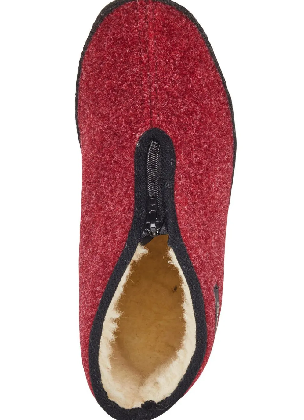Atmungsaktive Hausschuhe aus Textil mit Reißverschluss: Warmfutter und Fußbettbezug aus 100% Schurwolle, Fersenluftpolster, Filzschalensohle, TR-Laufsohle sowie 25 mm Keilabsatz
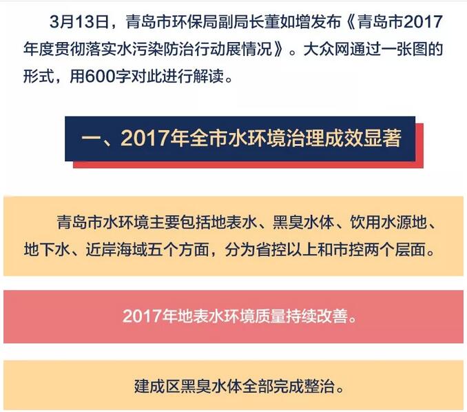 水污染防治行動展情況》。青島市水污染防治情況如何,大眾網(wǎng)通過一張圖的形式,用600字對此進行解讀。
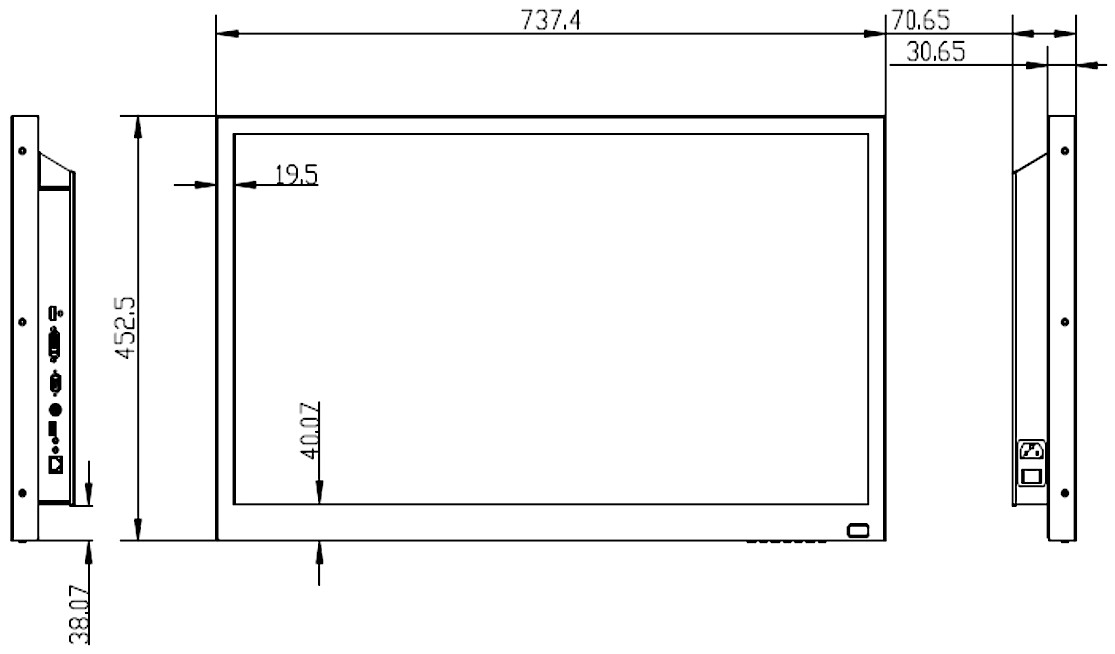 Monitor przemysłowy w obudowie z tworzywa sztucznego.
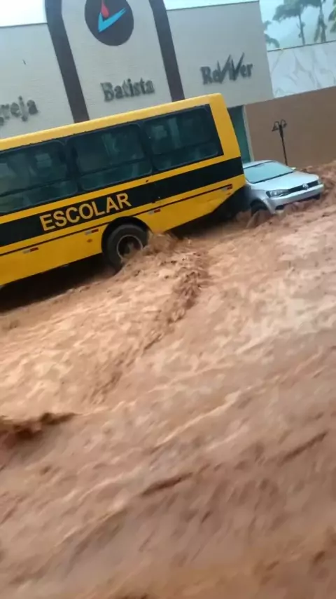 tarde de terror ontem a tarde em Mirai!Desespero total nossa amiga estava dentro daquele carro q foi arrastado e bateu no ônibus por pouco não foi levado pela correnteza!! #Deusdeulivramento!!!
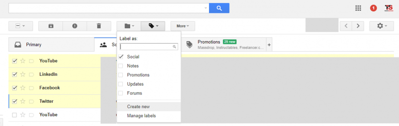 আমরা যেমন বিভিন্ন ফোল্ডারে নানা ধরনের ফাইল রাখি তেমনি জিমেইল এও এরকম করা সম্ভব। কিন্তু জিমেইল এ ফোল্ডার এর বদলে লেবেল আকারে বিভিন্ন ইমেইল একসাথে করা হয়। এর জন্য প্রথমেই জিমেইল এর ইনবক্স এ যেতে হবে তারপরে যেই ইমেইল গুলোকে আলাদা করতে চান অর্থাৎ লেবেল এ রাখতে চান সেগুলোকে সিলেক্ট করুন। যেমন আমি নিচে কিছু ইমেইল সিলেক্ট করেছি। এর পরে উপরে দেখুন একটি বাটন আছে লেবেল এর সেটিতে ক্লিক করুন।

==

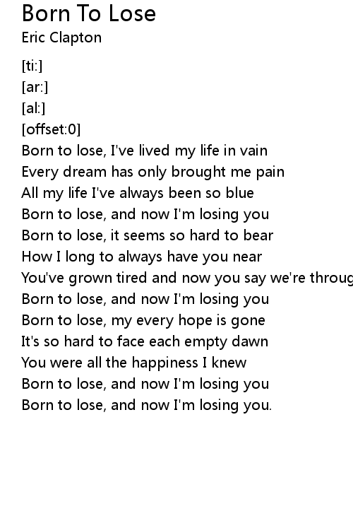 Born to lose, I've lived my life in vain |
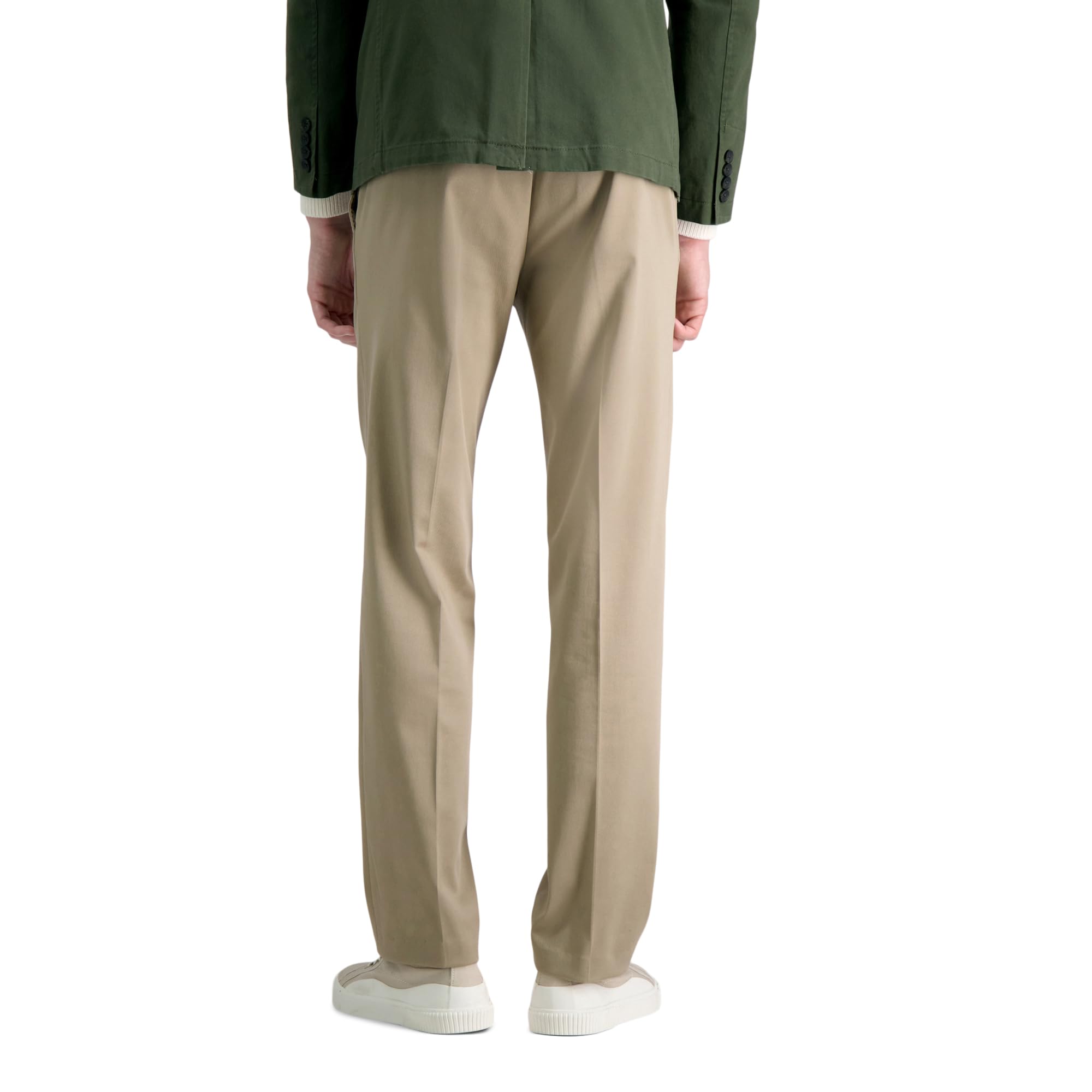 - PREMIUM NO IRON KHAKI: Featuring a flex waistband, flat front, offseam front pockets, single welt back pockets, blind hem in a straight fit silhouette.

WHAT TO DO ->
Above, find the line holding "Monitor przemysłowy w" and the line holding "আমরা যেমন বিভিন্ন". Print exactly those two lines and every line between them, but no pictures.

EXERCISE RESULT ->
 Monitor przemysłowy w obudowie z tworzywa sztucznego.
 tarde de terror ontem a tarde em Mirai!Desespero total nossa amiga estava dentro daquele carro q foi arrastado e bateu no ônibus por pouco não foi levado pela correnteza!! #Deusdeulivramento!!!
 আমরা যেমন বিভিন্ন ফোল্ডারে নানা ধরনের ফাইল রাখি তেমনি জিমেইল এও এরকম করা সম্ভব। কিন্তু জিমেইল এ ফোল্ডার এর বদলে লেবেল আকারে বিভিন্ন ইমেইল একসাথে করা হয়। এর জন্য প্রথমেই জিমেইল এর ইনবক্স এ যেতে হবে তারপরে যেই ইমেইল গুলোকে আলাদা করতে চান অর্থাৎ লেবেল এ রাখতে চান সেগুলোকে সিলেক্ট করুন। যেমন আমি নিচে কিছু ইমেইল সিলেক্ট করেছি। এর পরে উপরে দেখুন একটি বাটন আছে লেবেল এর সেটিতে ক্লিক করুন।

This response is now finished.